After almost a year and a half of intense negotiations, the European Union finally adopts the long-awaited legislation, the DMA, that will curb the power of digital gatekeepers, create a fairer competition environment for smaller businesses and protect consumers from some of the data collection and unethical advertising practices that have become the norm.
Two weeks ago, EU lawmakers designated 19 very large online platforms (VLOPs) that are subject to the DMA’s sister regulation, the Digital Services Act (DSA), which redefines the unions ecommerce governance regime.

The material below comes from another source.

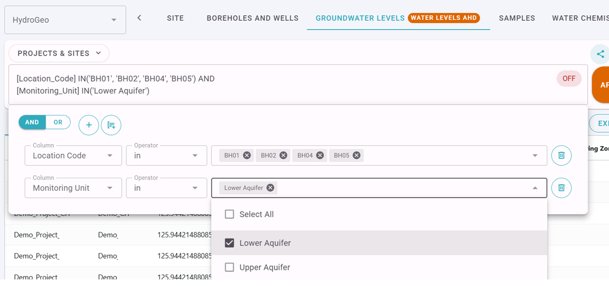 Users can pick from the available Data Types along the top. Each Data Type has one or more Views which combine data from different tables and apply logic, such as showing Water Levels as Depths, or above the Height Datum (AHD).
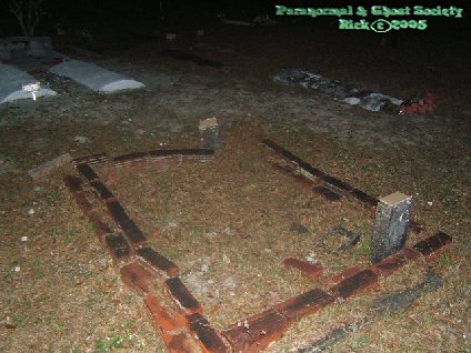 If anybody knows anything about the Beresford area it is fairly secluded their are alot of small lakes, train tracks, trails which were all part of a plantation at one time. Now today the community has built up to some houses in the area and of course this cemetery which holds many secrets in itself. The cemetery seems to have been for black settlers which were very abundant in the area and perhaps some were servants to the local plantations in the 1800s. Upon some further studying their seems to be a grave dating back to the 1860s. Many of the stones are leaning, piled on each other, weathered, some even are found off into the woods hidden. How I found this cemetery is just driving around after our Stark Plantation investigation. I was curious to where this one dirt road led and when I came out on it I looked to my left and seen this stone entrance with piles of stones near the road. When I got a closer look I had discovered this forgotten jewel. The whole front wall to the cemetery is collapsed and it goes very far back. Although we basically investigated the first couple hundred feet inside the cemetery and saved the rest for another time. You will not see alot of paranormal photos here or anything but just know their are ghost here and lots of them. My son seen many of them just standing their watching and I could feel perhaps numerous spirits here. It seems as if their is a real sad lonely type of feeling here. The cemetery is also very dark lots of trees, brush etc so it really has a gloomy feeling and if any cemetery had a pioneer type of feeling to it this would be it. James one of our investigators spent the night here once he told me he stayed right by the front so this perhaps is not one of those cemeteries that is full of gardens, fountains, and flowers. But rather a very morbid place! © By Rick-AngelOfThyNight

It is expected that the DMA will also apply to all of the companies on this list, with others joining them if they meet the criteria:
Providing a “core platform service” (these include online search engines, social networking services, app stores, certain messaging services, virtual assistants, web browsers, operating systems and online intermediation services) in at least 3 EU states
Reporting annual revenue in the European Economic Area that hit or exceeded €7.5 billion in each of the last three financial years; or else having an average market capitalisation “or equivalent fair market value” that amounted to at least €75BN in the last financial year
Having 45M+ monthly active end users in the EU and more than 10,000 yearly active EU business users in the last financial year
Having met the previous criteria in each of the last three financial years.

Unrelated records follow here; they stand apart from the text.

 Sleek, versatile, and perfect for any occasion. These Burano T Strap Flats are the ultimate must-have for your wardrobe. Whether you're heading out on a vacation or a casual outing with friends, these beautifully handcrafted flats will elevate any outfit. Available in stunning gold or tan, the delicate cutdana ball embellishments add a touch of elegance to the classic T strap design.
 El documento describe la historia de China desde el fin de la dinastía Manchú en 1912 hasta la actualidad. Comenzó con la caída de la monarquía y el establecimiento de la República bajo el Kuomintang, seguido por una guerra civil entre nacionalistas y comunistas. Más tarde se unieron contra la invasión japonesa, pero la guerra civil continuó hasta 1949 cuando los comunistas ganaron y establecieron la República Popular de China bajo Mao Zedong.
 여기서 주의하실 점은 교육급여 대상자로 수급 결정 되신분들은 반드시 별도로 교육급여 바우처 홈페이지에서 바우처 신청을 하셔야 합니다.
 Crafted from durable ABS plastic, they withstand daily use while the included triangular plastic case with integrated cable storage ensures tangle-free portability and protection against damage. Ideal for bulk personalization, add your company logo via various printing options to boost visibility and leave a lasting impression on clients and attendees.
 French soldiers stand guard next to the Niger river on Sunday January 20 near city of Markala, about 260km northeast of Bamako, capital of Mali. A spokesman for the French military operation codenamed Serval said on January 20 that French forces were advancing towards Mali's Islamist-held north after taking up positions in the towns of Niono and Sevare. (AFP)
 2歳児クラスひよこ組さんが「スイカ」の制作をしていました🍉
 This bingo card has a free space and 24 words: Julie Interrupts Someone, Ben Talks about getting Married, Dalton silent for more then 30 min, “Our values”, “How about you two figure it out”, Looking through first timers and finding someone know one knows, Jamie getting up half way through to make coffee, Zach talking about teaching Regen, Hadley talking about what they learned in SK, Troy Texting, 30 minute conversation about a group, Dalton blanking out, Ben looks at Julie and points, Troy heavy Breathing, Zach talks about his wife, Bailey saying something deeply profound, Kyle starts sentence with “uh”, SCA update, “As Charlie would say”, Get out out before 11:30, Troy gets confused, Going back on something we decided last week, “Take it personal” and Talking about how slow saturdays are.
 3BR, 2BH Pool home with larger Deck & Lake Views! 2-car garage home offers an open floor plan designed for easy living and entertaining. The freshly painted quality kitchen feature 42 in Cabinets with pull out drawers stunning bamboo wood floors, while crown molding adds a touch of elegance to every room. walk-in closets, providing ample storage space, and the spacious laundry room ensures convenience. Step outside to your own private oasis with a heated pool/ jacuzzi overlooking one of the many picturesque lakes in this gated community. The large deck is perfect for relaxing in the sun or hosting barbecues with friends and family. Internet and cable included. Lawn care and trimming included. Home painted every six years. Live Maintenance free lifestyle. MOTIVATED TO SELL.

In Addition, the Commission may also apply a subset of DMA rules to companies it suspects will soon become gatekeepers.
In a press release the EU Commission clarifies what comes next with the Digital Markets Act: “potential gatekeepers that meet the quantitative thresholds established have until 3 July to notify their core platform services to the Commission. The Commission will then have 45 working days (until 6 September 2023) to decide whether the company meets the thresholds and to designate gatekeepers. Following their designation, gatekeepers will have six months (i.e. until 6 March 2024) to comply with the requirements in the DMA.”
There’s been a lot of drama surrounding the negotiations for defining the DMA, with some of the more legitimate concerns having to do with the demand for inter-operability between messaging services and how that could impact end-to-end encryption.
The digital gatekeepers will surely include the ‘usual suspects’: Google, Facebook, Amazon and Apple, as well as Alibaba and Booking.
The biggest news for consumers is that under the Digital Market's Act the gatekeepers will no longer be able to combine personal data from different sources or deliver targeted ads without the user’s consent.
And an important aspect of the Commission’s ability to enforce this legislation is the shift to outlawing Big Tech’s abuse of power outright, or ex-ante intervention, from the past methods of playing catch-up, having to gather evidence of past misconduct and then going through the court system before any action can be taken.
As expected, gatekeepers weren’t going to agree to these types of changes that can impact their massive profits without trying to fight them (and some still whining about being treated unfairly).
The tech lobby DigitalEurope, which represents players like Amazon, Apple, Facebook's parent company Meta and Google, tried unsuccessfully to eliminate some of these measures. Apple CEO Tim Cook has said that these efforts would “destroy the security of the iPhone.” An Apple spokesperson stated that some of the DMA provisions “will prohibit us from charging for intellectual property in which we invest a great deal”. Meta’s president of global affairs, Nick Clegg, has said that the rules would “fossilize” innovation in the digital economy. This must be so hard for them…
On top of all this, a series of letters had been dispatched from U.S. government departments to Brussels lawmakers, highlighting concerns that the move disproportionately affected American businesses. That narrative, however — which primarily came from the U.S. Commerce Department — was eventually toned down, after the White House came out in support of clamping down on Big Tech abuses.
As the Overton window shifts against Big Tech all over the world, these changes brought to us by the DSA and DMA are worth celebrating.
We hope more countries start making this shift. The next one to keep an eye on: the UK and their Digital Markets, Competition and Consumer Bill (DMCC Bill) which has now been published and introduced before Parliament.
The DMA - and also the DSA - are great approaches to limit the power of Big Tech in the European Union. While these laws are not perfect, they are great steps in the right direction.
Just like the GDPR, the EU is setting the bar on how to handle Big Tech, their market dominance and their privacy abuses.
The future will show how the EU can also enforce the new regulation. However, in regards to the GDPR, the EU has started to really push against Big Tech abuses like recent court decisions show where Google Analytics has been declared illegal in Europe or Facebook has received a huge fine because of their tracking business model.
The DMA and the DSA will curb the power of digital gatekeepers, ultimately creating a fairer competition environment and - hopefully - better privacy protections for everyone.